Thursday, September 23
Proof by Induction.
We went over the homework exercise that was given to prove the lemma:
Let G be a context free grammar with rules of the form:
S --> 0
S --> 1
S --> empty string
S --> 0S0
S --> 1S1
Then every string w in L(G) is a palindrome.
We did the proof taking special care to highlight each step of an induction proof and why those steps were important.
The first thing to do was to state clearly that this was to be an induction proof and what the induction was to be over. In this case we chose to do the induction on the length of derivations in G that led to strings in L(G).
We then had to prove a base case that showed that for all derivations of length 1 in G leading to a string w in L(G), w was a palindrome.
Next, we had to state an induction hypothesis. Our induction hypothesis stated that for every derivation of length i in G leading to a string w in L(G), w was a palindrome, where 1 <= i <= k.
Finally, we had to prove the induction step. That is, we had to prove that every derivation of length k+1 leading to a string w in L(G) was a palindrome. If this proof really does require induction, then the induction step must have a statement somewhere in it similar to "by the induction hypothesis we know that for all derivations of length k of a string w in L(G), w is a palindrome," and use this fact to prove that the same result holds true for derivations of length k+1. In our case we broke an arbitrary k+1 step derivation into the two cases:
1
k
S ===> 0S0 ===> 0x0
1
k
S ===> 1S1 ===> 1x1
and noted that by the induction hypotheses, since x is derived from S in both cases by a k-step derivation we know by the induction hypothesis that x is a palindrome, and therefore that the k+1 step derivation leading either to 0x0 or 1x1 must also be a palindrome.
Problem Reductions
We spent the rest of the class discussing how one would prove that a problem is unsolvable, that is, that there exists no Turing machine that is a decider for that problem.
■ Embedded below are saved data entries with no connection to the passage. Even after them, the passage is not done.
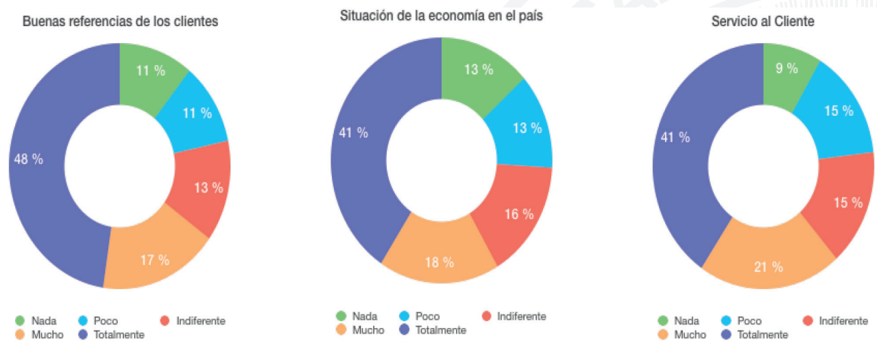
Gráfico 2: Variables más relevantes que inciden en el crecimiento empresarial
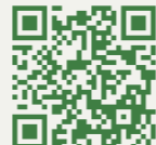
外来診療担当医表
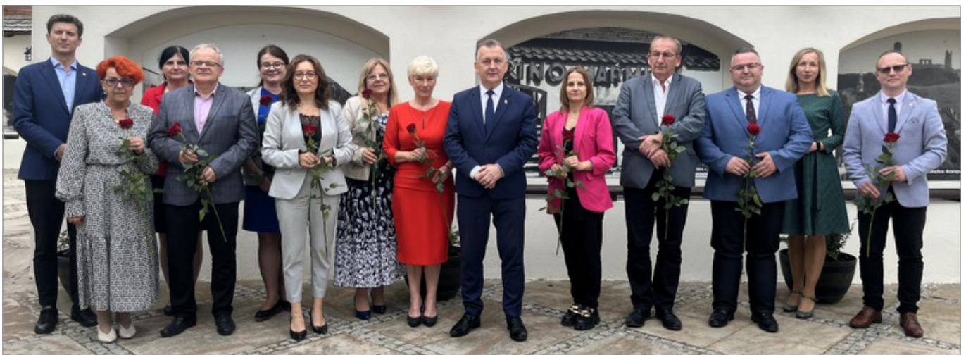
Podziękowano dyrektorom, nauczycielom i pracownikom oświaty za całoroczny trud pracy.
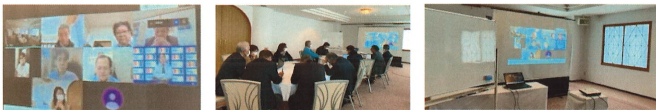
↑名護RC初のオンラインと現地参加のハイブリッド形式で、IM全体会議を開催しました。(2021年1月29日)

来る3月16日(火)開催を予定していたIMについて、新型コロナウイルス感染症拡大防止の観点と、皆様の安全を第一に考慮し、中止となりました。
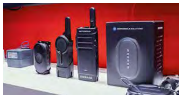
peiPRESS und Funklösungen von Motorola Solutions

Das Fazit fällt positiv aus: Die Vielzahl interessierter Besucherinnen und Besucher sowie zahlreiche neue Kontakte sprechen für einen erfolgreichen Auftritt der peicom auf der EuroCIS 2025.
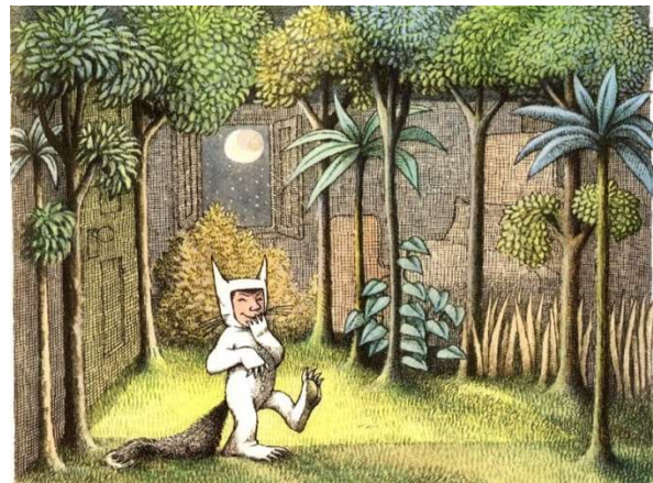
Figuur 2 Skets uit Sendak se kinderboek – Max in sy kamer/ die oerwoud.

Peter Bradshaw is van mening dat Spike Jonze die verwagtingshorison van die lesers van die kortverhaal gefnuik het. Verder beweer hy dat die donker en aggressiewe aard van die rolprent die psige van die jongkind effektief ontgin. Hy neem dit verder deur te sê dat “[i]t has been expanded into a full-length psychological study of childhood loneliness and dysfunction ...” (Bradshaw, 2009). Volgens hierdie resensie is die rolprent nie 'n fantasie-weergawe van die boek, soos in die geval van Cat in the Hat (2003) of Fantastic Mr. Fox (2009) nie. Hierdie rolprent eis 'n interpretasie wat verwyderd is van die oorspronklike boek: “[b]etween them, Jonze and Eggers have created an intriguing oddity whose fate it may be to fall between the sensibilities of adults and children” (Bradshaw, 2009). Bradshaw beklemtoon dus dat hierdie rolprent geskik en toeganklik is vir beide 'n volwasse- en kindergehoor.
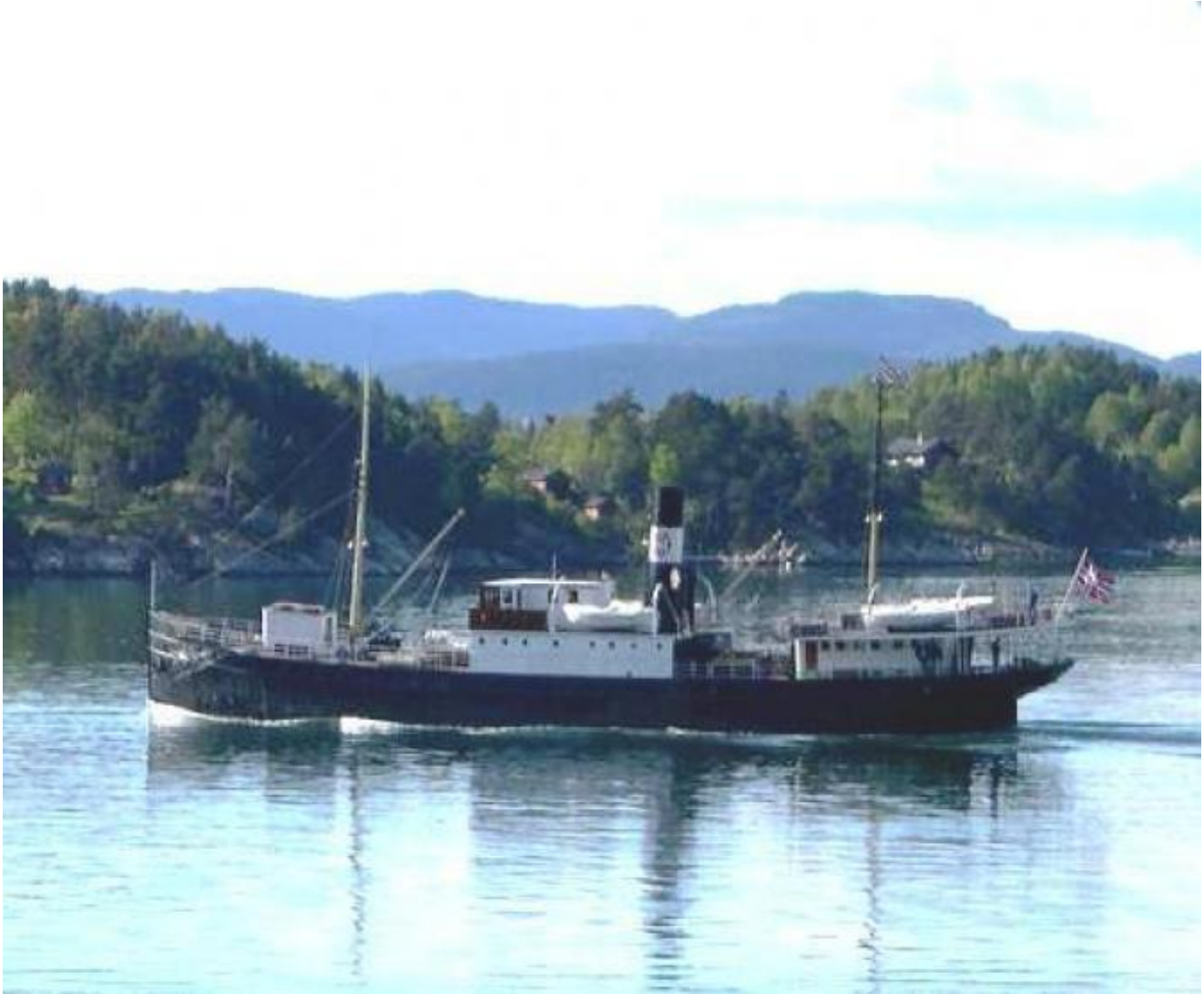
Stord I med Skorpo som bakgrunn torsdag ettermiddag.
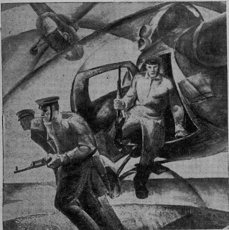
НА СНИМКЕ: картина «Тревожная группа». Автор Ю. И. Циркунов. (Рига).
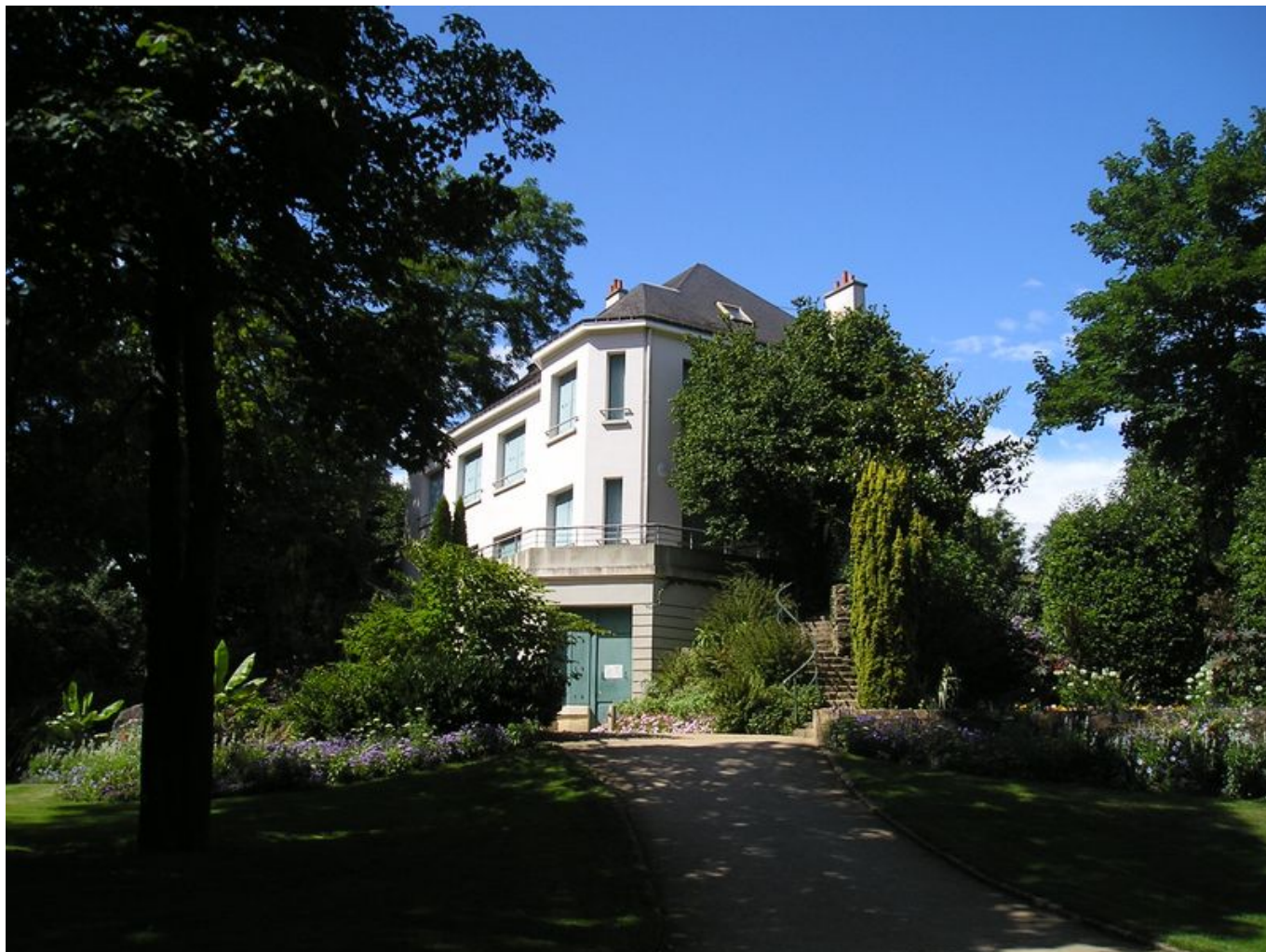
Maison au jardin Chevassu

À l'origine, les terrains de l'actuel parc Chevassu sont situés dans un vallon, bordé d'anciennes carrières désaffectées, au lieu-dit Le Burtul - Le Mir en Ploemeur.
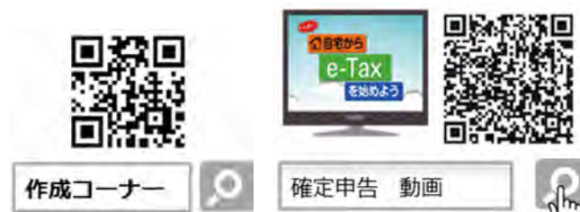
確定申告書等作成コーナー

「国税庁 LINE 公式アカウント」では、受け取りたい情報を事前に受信設定することで、「確定申告が必要な方」、「医療費控除」、「ふるさと納税」などのご自身のニーズに合った情報をタイムリーに受け取ることができますので、是非、『友だち追加』をお願いします。
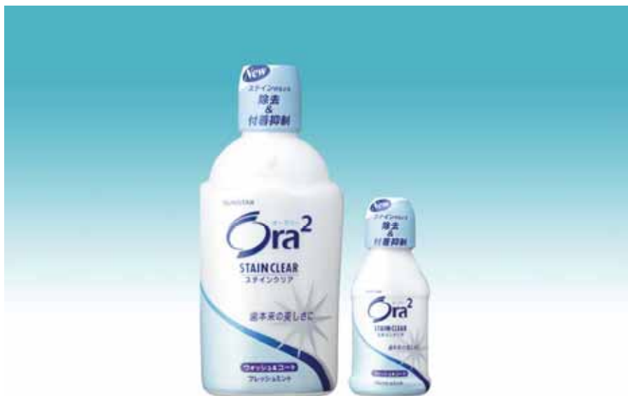
Ora 2 ステインクリア ウォッシュ&コート
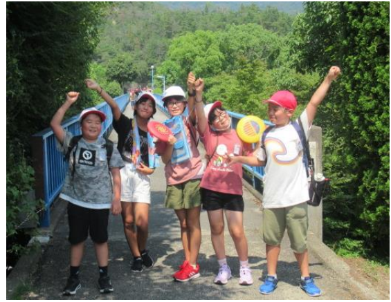
4班です ファイトー！
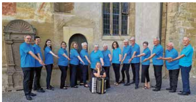
BelAkkord spannt beim Konzert seinen Bogen von unvergessenen Popballaden über Filmthemen zu energiegeladenen Rocksongs.

Ein Abend voller Klang, Gefühl und Gänsehaut verspricht das Konzert von BelAkkord am Samstag, 22. November, 19.00 Uhr , im Rathausfoyer zu werden. Wenn im Güglinger Rathshöfle die Lichter ausgehen und der Raum unter der Glaskuppel im warmen Schein unzähliger Kerzen erstrahlt, beginnt ein Abend, der Musikliebhaber quer durch alle Generationen begeistert. Das Akkordeon-Orchester BelAkkord aus Brackenheim lädt zu einem Candlelight-Konzert ein – außergewöhnlich, atmosphärisch und mitreißend.
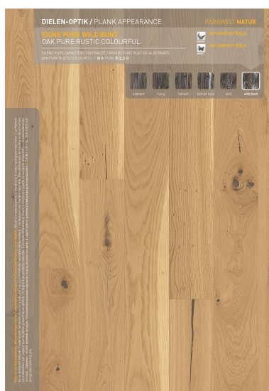
Eiche PURE wild bunt
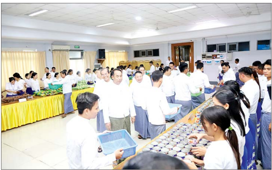
ပြည်ထောင်စုဝန်ကြီး ဦးမြင့်နောင် အလုပ်သမားဝန်ကြီးဌာနမှ ဝန်ထမ်းမိသားစုများက ရှေ့တန်းရောက်တပ်မတော်သားများနှင့် လုံခြုံရေးတပ်ဖွဲ့ဝင်များအတွက် အလှူငွေနှင့် စားသောက်ဖွယ်ရာများ ပေးပို့လှူဒါန်းရန် ပြင်ဆင်ထုပ်ပိုးနေမှုကို ကြည့်ရှုအားပေးစဉ်။

ဦးဝင်းရှိန်တို့က လိုက်လံကြည့်ရှုအားပေးကြသည်။ အလုပ်သမား ဝန်ကြီးဌာနမှ ဝန်ထမ်းမိသားစုများက ရှေ့တန်းရောက် တပ်မတော်သားများနှင့် လုံခြုံရေးတပ်ဖွဲ့ဝင်များ အတွက် စည်သူတံဘူး (ငါးကြင်းပဲငါးပိပေါင်း၊ ငါးဆုပ်ဟင်း၊ ဆိတ်သားဟင်း)ဘူး ၂၅၀၊ ဆားခင်းငါးသေတ္တာဘူး ၄၀၊ ငါးရုံ/ ကြက်သားဆန်ပြုတ်အထုပ် ၈၀၀၊ ရှူးရုံလက်ဖက်ထုပ် ၈၀၀၊ ကိုယ်တိုက်ဆပ်ပြာတုံး ၄၀၀၊ ဝှေးသီးငါးပိချက်ထုပ် ၄၀၀၊ ငါးပိရည် ၄၀၈ ထုပ်၊ ပုစွန်ငါးပိထောင်းဘူး ၄၀၀၊ အာပဲ့ခြောက်ကြော်ထုပ် ၄၀၀၊ ရုံးရည်ကြီးထုပ် ၄၀၀၊ ချိုချည်ထုပ် ၄၀၀၊ ဆေးလိပ်ဆေး ပိဿာ ၃၀၊ သွားတိုက်ဆေး/သွားတိုက်တံအစုံ ၄၀၀၊ တစ်ခါသုံး မုတ်ဆိတ်ရိတ်ခား ၁၆၀၀၊ ကြယ်နီ ဆေးလိပ် ၈၀၀၀ နှင့် ဝန်ထမ်းမိသားစုများ ကိုယ်တိုင်ချက်ပြုတ် ကြော်လှော်ထားသည့် ဗာလချောင်ကြော် ပိဿာ ၄၀ စုစုပေါင်းငွေကျပ် သိန်း ၁၃၀ ခန့် တန်ဖိုးရှိပစ္စည်းများကို ပေးပို့

The first thing is to recognize that undecidable problems must exist, because the set of all Turing machines is countable whereas the set of all decision problems (i.e., languages) is uncountable. That is, there are more problems than there are Turing machines, which can be shown by a diagonalization proof.
The second thing to do is to actually demonstrate an undecidable problem. This must be done from first principles. That is, one must somehow select a problem and then show that no Turing machine can exist to solve this problem. In Sipser, the first undecidable problem demonstrated is ATM. This is done in a fashion similar to diagonalization.
The third thing is to recognize that new problems that are suspected to be unsolvable can now be shown to be unsolvable by reducing a known undecidable problem to this new problem.
We spent some time understanding what reducibility means. It is a process by which one problem A can be solved by using a solution to a second problem, B. Somehow, we can modify or otherwise embed the solution to B into a new solution (Turing machine) in such a way that A can be solved. Therefore, to show that a new problem B is undecidable, we assume that it is decidable and then show that we can use an assumed Turing machine to decide B to buld a new Turing machine to decide a known undecidable problem A. Every step in our construction of this hypothetical machine must be doable and correct. Thus, when the contradiction is reached that we have just constructed a new Turing machine that decides a known undecidable problem, the only thing that can be wrong is that our assumption that a Turing machine exists that solves B was wrong: no such Turing machine exists.